L’esibizione è un mezzo di prova richiesto da una parte avente ad oggetto un documento o un oggetto rilevante per il giudizio del quale la parte non ha la disponibilità materiale.

Tale mezzo di prova, pertanto, può essere utilizzato solo se la prova del fatto che s’intende dimostrare non è acquisibile in altro modo.

Ad esempio, non è ammissibile l’istanza di esibizione del bilancio di una società di capitali, poiché è sempre possibile richiederlo all’ufficio competente.

Quanto ai presupposti, l’ordine di esibizione:

- può essere impartito soltanto per gli atti la cui acquisizione al processo sia necessaria ovvero che possano influire sulla decisione della causa (Cass. n. 13072/2003);

- richiede, quali requisiti d’ammissibilità, l’interesse della parte che domanda l’acquisizione del documento (Cass. n. 11709/2002), la certezza dell’esistenza del documento medesimo (Cass. n. 2772/2003), la prova della concreta possibilità di consegnare il documento o la cosa (Cavallone), l’indicazione del soggetto nei cui confronti l’ordine deve essere rivolto (Cass. n. 10147/1998) e dei documenti (o delle cose) da esibire, per consentire al giudice di valutare la pertinenza del documento (o delle cose) e la sua idoneità a provare determinati fatti (ad esempio, non può essere considerata specifica la richiesta d’esibizione di tutti i documenti contabili relativi alla situazione finanziaria di una società) (Cass. n. 9514/1999).

L’ordine di esibizione può riguardare anche documenti coperti dal segreto bancario (App. Milano, 22-7-1997).

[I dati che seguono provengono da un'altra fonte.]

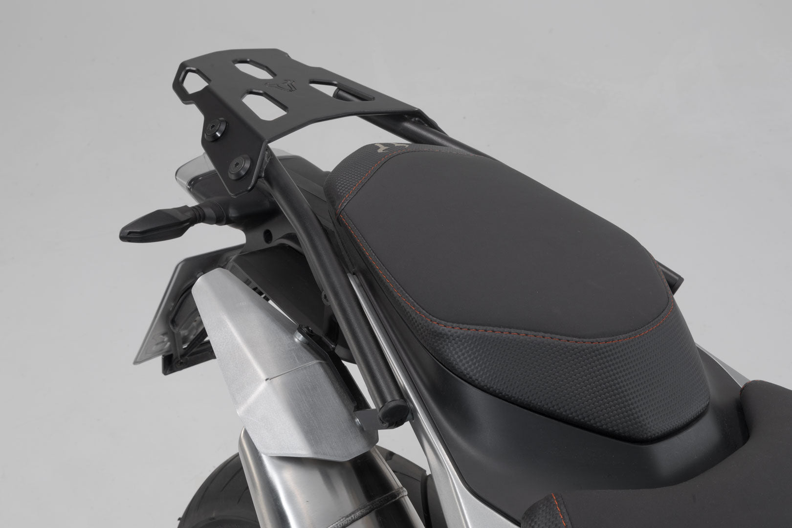 The compact STREET-RACK was developed specially for sporty motorcycles, naked bikes and smaller street bikes. The URBAN ABS top case or an adapter plate can be fixed to the rack in one step without any tools. The adapter plate provides a sturdy base for top cases from SW-MOTECH, Givi, Krauser and Shad or a Sysbag 15/30 with adapter plate. Together with the extension (sold separately) with extra large contact surface, the STREET-RACK is also suitable for strapped-on luggage. With our STREET-RACK, your bike is ready for the next long tour in a few simple steps.

Invece, l’esibizione non può essere chiesta quando riguardi documenti coperti dal segreto professionale o d’ufficio o quando la diffusione del documento possa arrecare gravi danni (Massari).

In particolare, se la divulgazione del documento o l’esibizione della cosa può arrecare grave danno al destinatario dell’ordine di esibizione o può costringerlo a rivelare segreti professionali o d’ufficio, il giudice è tenuto a tenerne conto e può disporre la citazione di quest’ultimo in giudizio affinché venga sentito sul punto (art. 211 c.p.c.).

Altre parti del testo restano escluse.